What we do differently in Diagnose

A Diagnosis is not a pilot, and we say this explicitly to clients who arrive expecting one. A Diagnosis is the engagement that decides which workflow is worth piloting, who would operate the pilot’s successor, what integration surface the production version would touch, and what the operational success criteria would be. It is the work that has to happen before a pilot is commissioned for the pilot to have a path to production.

For teams whose first pilot stalled, this is what they wish they had bought instead. The Diagnosis fee is small relative to the cost of a pilot that doesn’t reach production, and it is much smaller relative to the cost of a pilot that does reach production but turns out to have been the wrong workflow. We have done enough of these now to know that the workflow leadership initially proposes is the right workflow about half the time. The other half, the Diagnosis surfaces a different workflow that is more valuable, more tractable, or both, and the team is glad to have spent two weeks before committing six months.

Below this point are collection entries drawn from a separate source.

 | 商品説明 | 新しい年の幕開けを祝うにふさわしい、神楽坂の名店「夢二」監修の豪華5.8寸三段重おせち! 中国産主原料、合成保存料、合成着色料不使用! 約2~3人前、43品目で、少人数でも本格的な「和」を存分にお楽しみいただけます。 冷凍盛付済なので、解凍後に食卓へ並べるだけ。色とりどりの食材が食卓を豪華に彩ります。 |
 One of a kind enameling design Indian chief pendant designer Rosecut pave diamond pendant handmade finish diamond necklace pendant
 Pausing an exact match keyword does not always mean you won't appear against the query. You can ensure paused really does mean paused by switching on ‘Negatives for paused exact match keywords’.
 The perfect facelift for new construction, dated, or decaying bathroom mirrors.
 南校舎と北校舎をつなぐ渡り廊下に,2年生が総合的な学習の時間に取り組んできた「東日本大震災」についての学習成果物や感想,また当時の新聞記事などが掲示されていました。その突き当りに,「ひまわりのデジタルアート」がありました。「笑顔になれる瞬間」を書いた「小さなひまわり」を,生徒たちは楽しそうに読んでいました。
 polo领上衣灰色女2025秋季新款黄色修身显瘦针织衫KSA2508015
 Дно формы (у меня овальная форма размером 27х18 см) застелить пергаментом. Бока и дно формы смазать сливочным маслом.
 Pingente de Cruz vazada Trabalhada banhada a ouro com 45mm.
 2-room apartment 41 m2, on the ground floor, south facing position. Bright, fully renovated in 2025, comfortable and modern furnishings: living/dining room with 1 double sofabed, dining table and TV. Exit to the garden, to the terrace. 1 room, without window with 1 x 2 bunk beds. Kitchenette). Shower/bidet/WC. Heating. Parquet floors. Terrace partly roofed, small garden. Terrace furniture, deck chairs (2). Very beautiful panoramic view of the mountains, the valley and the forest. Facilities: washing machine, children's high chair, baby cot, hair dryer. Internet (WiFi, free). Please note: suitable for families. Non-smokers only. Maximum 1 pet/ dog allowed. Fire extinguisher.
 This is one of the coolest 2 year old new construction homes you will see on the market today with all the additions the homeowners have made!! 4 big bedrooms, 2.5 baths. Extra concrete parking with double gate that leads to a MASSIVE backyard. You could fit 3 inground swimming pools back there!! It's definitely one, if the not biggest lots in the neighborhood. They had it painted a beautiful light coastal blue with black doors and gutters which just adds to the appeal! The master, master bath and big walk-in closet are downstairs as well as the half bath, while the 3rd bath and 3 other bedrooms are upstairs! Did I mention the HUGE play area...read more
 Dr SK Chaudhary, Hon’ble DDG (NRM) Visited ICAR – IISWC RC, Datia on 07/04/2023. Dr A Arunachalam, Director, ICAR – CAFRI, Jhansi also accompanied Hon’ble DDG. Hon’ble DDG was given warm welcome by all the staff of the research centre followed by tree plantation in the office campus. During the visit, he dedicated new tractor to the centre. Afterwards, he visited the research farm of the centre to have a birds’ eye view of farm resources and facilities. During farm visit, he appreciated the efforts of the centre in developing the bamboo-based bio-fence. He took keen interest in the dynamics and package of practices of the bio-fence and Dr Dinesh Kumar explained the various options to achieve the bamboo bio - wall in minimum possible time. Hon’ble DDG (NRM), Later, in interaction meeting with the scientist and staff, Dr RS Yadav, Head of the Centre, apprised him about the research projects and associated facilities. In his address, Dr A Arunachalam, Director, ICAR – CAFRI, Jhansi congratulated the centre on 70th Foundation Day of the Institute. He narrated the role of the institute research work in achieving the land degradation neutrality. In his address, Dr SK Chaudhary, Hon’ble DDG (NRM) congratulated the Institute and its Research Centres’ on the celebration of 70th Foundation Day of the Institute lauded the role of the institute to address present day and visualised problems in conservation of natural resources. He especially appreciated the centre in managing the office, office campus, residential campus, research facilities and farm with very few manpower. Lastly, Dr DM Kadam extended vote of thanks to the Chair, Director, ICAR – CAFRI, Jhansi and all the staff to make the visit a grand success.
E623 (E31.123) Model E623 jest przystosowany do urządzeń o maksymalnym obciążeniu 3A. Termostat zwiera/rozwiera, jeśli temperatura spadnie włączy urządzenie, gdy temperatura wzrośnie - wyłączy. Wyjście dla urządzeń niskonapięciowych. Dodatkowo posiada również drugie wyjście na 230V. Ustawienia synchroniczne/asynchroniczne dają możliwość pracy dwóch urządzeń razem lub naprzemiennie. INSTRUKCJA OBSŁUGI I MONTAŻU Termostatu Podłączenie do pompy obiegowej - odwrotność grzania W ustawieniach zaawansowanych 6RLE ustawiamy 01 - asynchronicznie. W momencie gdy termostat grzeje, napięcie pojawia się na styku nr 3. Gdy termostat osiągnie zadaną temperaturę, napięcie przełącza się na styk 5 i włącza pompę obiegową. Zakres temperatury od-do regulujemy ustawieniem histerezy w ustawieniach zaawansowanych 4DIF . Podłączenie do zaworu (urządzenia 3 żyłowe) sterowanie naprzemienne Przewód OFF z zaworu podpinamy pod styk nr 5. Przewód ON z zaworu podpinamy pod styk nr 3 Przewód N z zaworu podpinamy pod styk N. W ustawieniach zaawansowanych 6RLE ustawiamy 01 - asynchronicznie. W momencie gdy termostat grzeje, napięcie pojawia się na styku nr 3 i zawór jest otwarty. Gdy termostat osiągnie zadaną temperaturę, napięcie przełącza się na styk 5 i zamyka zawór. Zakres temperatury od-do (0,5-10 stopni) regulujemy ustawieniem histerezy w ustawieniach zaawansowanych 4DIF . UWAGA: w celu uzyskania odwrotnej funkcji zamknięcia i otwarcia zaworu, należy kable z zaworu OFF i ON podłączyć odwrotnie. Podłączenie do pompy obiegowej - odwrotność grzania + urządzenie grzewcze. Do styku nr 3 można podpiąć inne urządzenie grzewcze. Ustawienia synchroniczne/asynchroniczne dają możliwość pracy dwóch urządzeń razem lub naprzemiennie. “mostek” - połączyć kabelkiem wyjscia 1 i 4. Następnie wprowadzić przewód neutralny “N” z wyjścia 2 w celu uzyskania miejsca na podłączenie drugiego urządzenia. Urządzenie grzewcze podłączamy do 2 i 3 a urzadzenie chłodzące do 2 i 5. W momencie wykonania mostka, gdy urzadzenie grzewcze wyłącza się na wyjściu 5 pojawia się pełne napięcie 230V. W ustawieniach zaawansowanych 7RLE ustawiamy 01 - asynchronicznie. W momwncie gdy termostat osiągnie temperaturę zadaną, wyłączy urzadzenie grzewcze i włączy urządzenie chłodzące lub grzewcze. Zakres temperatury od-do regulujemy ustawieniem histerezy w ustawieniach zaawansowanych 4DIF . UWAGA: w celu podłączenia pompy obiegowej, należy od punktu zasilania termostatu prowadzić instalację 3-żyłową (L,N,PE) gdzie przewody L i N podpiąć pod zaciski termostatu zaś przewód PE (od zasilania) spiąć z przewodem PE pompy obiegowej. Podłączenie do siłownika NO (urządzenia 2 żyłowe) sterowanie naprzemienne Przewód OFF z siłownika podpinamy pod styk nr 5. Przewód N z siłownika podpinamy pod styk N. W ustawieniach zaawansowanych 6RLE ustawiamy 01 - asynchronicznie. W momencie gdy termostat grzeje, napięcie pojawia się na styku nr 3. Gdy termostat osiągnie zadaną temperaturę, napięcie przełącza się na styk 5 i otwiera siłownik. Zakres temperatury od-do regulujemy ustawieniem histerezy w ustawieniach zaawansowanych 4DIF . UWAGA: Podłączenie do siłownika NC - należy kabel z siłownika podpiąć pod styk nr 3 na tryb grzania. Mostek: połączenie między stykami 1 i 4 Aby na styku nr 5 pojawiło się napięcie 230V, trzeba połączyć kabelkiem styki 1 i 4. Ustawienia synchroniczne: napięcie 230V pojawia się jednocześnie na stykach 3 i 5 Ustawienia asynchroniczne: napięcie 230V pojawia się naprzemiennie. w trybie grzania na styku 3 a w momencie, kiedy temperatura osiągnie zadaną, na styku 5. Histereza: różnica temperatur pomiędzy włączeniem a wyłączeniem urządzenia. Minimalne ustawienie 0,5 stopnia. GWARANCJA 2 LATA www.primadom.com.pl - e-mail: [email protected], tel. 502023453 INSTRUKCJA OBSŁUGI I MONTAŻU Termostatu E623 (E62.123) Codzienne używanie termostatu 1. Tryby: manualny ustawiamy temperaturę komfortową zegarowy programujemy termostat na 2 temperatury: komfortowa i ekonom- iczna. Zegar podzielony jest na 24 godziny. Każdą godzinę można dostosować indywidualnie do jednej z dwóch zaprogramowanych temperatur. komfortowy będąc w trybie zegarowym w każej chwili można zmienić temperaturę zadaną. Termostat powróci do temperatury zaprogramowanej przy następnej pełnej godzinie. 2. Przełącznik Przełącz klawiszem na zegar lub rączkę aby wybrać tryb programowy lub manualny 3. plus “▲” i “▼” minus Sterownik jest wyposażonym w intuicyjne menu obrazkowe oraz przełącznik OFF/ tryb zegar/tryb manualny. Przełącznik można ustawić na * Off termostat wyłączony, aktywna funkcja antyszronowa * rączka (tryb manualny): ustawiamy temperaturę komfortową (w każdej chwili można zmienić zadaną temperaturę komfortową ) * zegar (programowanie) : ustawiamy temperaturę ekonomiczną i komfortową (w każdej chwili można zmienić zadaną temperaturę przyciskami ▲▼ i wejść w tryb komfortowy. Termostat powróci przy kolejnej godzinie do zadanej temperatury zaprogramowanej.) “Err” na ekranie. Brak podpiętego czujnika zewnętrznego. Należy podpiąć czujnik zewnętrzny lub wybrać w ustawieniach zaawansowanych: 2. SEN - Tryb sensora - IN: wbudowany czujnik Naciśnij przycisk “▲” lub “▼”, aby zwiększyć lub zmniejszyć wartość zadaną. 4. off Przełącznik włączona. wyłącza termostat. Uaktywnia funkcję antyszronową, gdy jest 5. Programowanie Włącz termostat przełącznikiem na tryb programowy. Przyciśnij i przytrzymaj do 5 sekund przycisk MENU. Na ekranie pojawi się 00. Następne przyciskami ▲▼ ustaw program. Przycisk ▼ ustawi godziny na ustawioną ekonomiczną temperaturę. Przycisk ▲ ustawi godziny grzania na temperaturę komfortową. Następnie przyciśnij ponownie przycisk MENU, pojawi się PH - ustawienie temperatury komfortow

The teams who arrive having stalled on a previous pilot tend to be sceptical of starting over. They have already invested. The instinct to extract value from the previous work, even if the previous work was misdirected, is strong. Sometimes that’s the right move; we will tell you so if it is. More often the right move is to treat the previous pilot as evidence about your team and your operations rather than as a foundation, and to design the next attempt from scratch with the three questions above answered up front.

Pilots that never shipped are not failures. They are expensive learning. The question is whether the learning translates into a different shape for the next attempt. When it does, the second attempt usually reaches production. When it doesn’t, the team commissions another pilot that stalls in the same way, and another twelve months passes.

The technology is rarely the problem. It is almost always the shape of the engagement around the technology. Get that shape right and the pilot reaches production; get it wrong and the pilot is a demo, even if the demo was excellent.